Loud clambering rusty sheets of metal are dragged down a long dark road with no end in sight. Perhaps a dead body, with maggots excavating its eye sockets, is waiting in the muddy distance. Distorted male vocals cut in violently, spouting indistinguishable clusters of broken English. Frequencies collide with one another and begin to grow, over-shadowing the chattering man who still rambles on as he falls deeper into the void of Pony Moon.
It's difficult for me not to be biased, as I’m a frequent musical collaborator with the noise duo, casting spells via violin squawks and piano patterns, hiding somewhere in between the drones. I'm an insider so I’ll be careful not to reveal any secrets or rituals you shouldn't know about. In whatever forms they manifest, the more you experience Pony Moon you realize the less you know: not just about music, but about the entire spectrum of reality. Nothing is sacred and at the same time everything is overwhelmingly divine.
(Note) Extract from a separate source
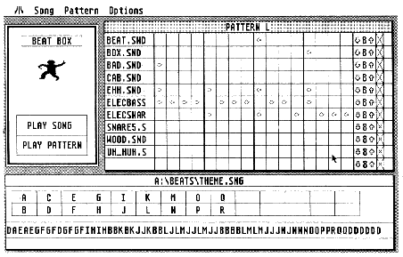 Below the pattern letter grid is a line of text representing your song. Letters can be added, inserted or removed as easily as a word processor. When you click on "Play Song," Beat Box plays your patterns in the order listed. This is a limited but very straightforward approach.

Pony Payroll Bones, who rambles up and down the east coast, often lets the amplifiers speak for themselves, sometimes setting four to five amps against each other to fight it out with feedback. All the knobs are turned to 10. The shrill piercing tones collide with one another to create a dense field of demonic cacophony, summoning spirits that never should’ve been awakened. He beats the feathers of his bow against his fiddle until the hairs split and dangle down like strands of dead vine. His eyes poised, ready to attack, in a trance of his own inner enlightenment–a combat against the bitterness of the South. Many times Pony howls against the full moon, other times he throws fireballs at innocent bystanders. It all depends on the mood, atmosphere, and occasion—and often none of these matter at all.
Jenny Moon Tucker is the other half of the duo. Sometimes a sax is blared through contact microphones, and sometimes metal is scraped against strange percussive tools. Sometimes these jagged sheets of metal are thrown and banged against nearby surfaces. There’s a listening to Tucker's method that I can't quite grasp, a distant and foggy sound, hiding somewhere beyond the hills of sanity. Listening vibrations contact free jazz in a soothing amalgam, where a dense spiritual journey is shared. Nods to sax players like Ayler and Coltrane are worth acknowledging, but there’s also the wisdom and philosophy of free jazz drummer Milford Graves lurking somewhere between the brambles. A vision is buried deep in the murky ruins of audibility. Tucker is undeniably a poet of sound, manipulating the limits and barriers of what was thought impossible.
The Philadelphia-based label Cor Ardens released this strange piece of music. It compliments the label's previous reissue of Vox Populi's Half Alive Ganja Music (highly recommended to industrial music fans).
—The Sun is the Radioactive Wasp Egg is available in cassette format only. No streams.